(Recorded information Opens)

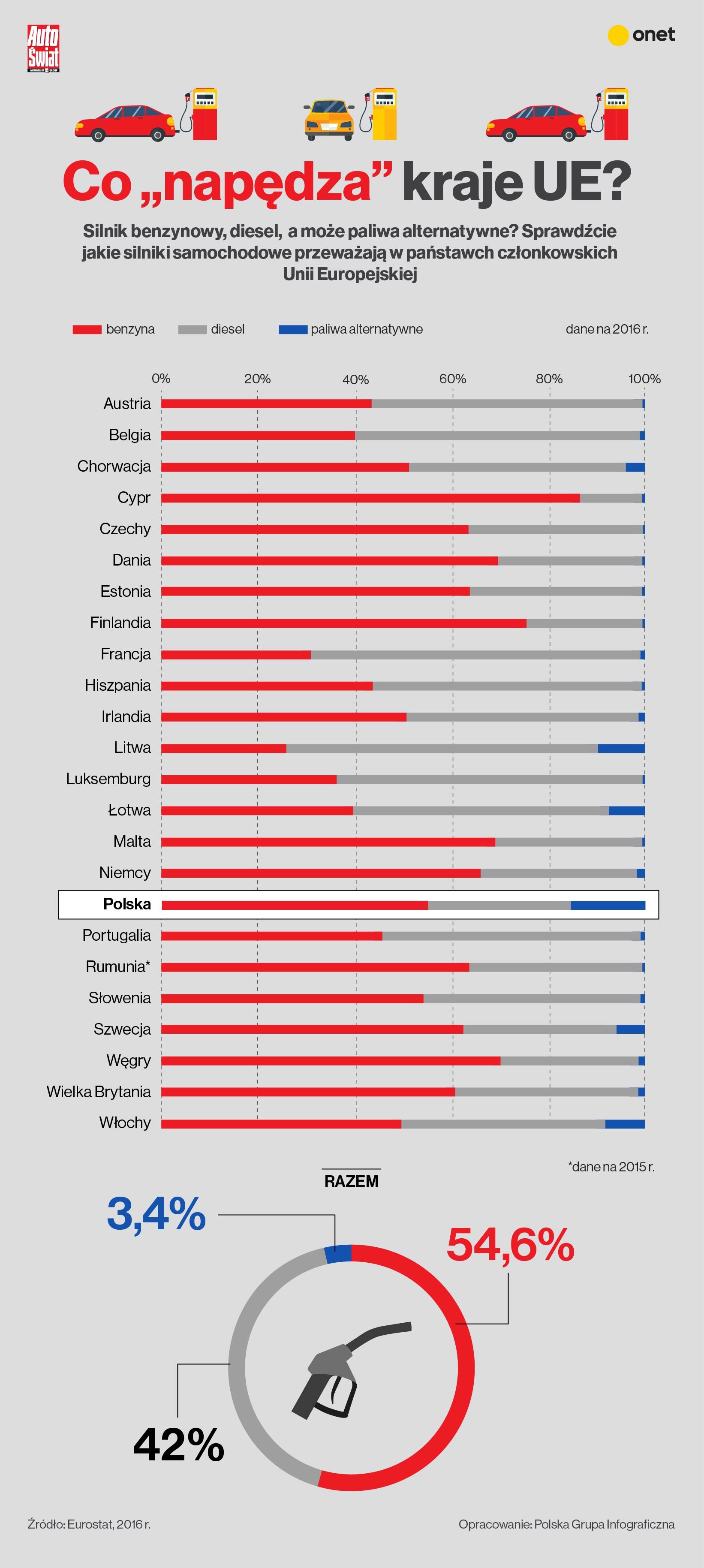 Co "napędza" kraje UE? [Infografika] 30 stycznia 2019, 08:35 Ponad połowa samochodów w krajach Unii Europejskiej w 2016 roku jeździła na benzynę - wynika z opublikowanych w styczniu danych Eurostatu. Na drugim miejscu znalazły się diesle.
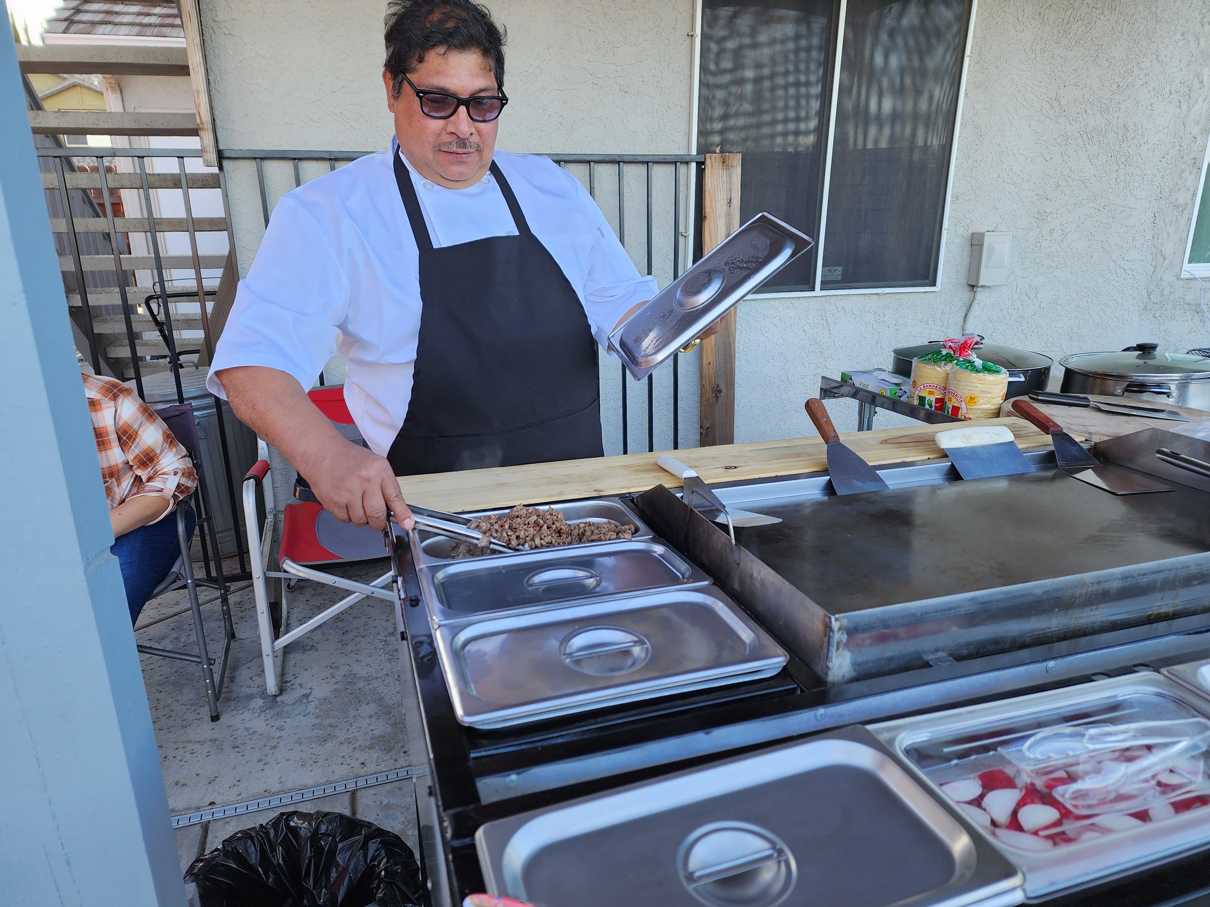 estamos a sus ordenes asemos taquisas a domicilio y tambie contamos con banquetes como birria y barbacoa se sirben con aros y frijoles fritos o de la olla es al gusto llama al 209 298 6101 ablamos español
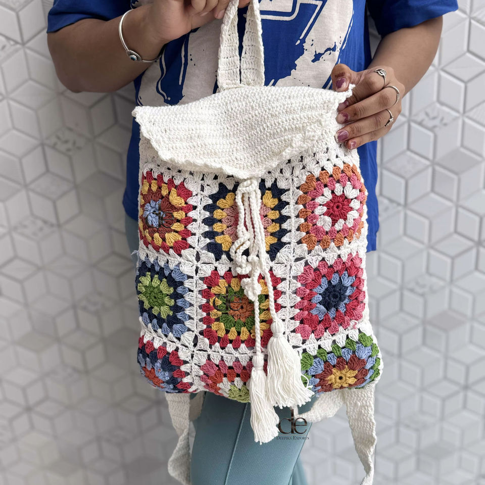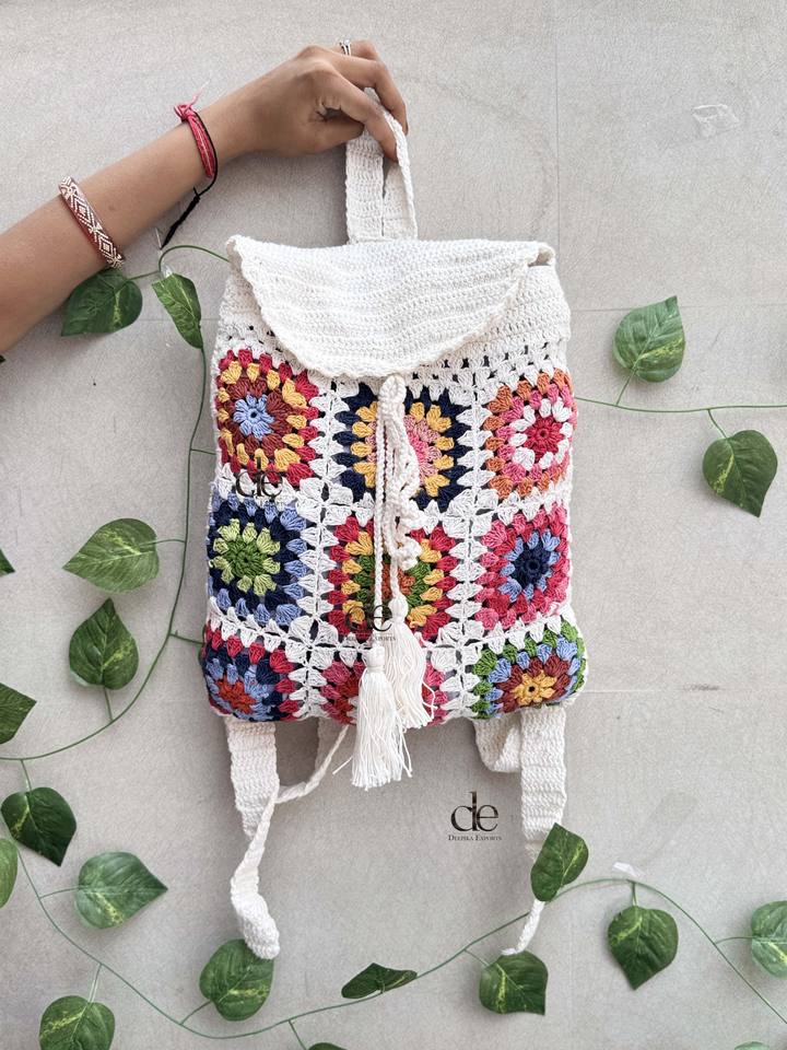 Nueva mochila de ganchillo de diseñador Mochila elegante hecha a mano Vintage Boho Multi Usos Venta caliente Hermosa bolsa de usos de diseñador para niñas

(Recorded information Closes)

● What the task requires
Copy out every line of the material above exactly, skipping the pictures.

● Expected answer
 Co "napędza" kraje UE? [Infografika] 30 stycznia 2019, 08:35 Ponad połowa samochodów w krajach Unii Europejskiej w 2016 roku jeździła na benzynę - wynika z opublikowanych w styczniu danych Eurostatu. Na drugim miejscu znalazły się diesle.
 estamos a sus ordenes asemos taquisas a domicilio y tambie contamos con banquetes como birria y barbacoa se sirben con aros y frijoles fritos o de la olla es al gusto llama al 209 298 6101 ablamos español
 Nueva mochila de ganchillo de diseñador Mochila elegante hecha a mano Vintage Boho Multi Usos Venta caliente Hermosa bolsa de usos de diseñador para niñas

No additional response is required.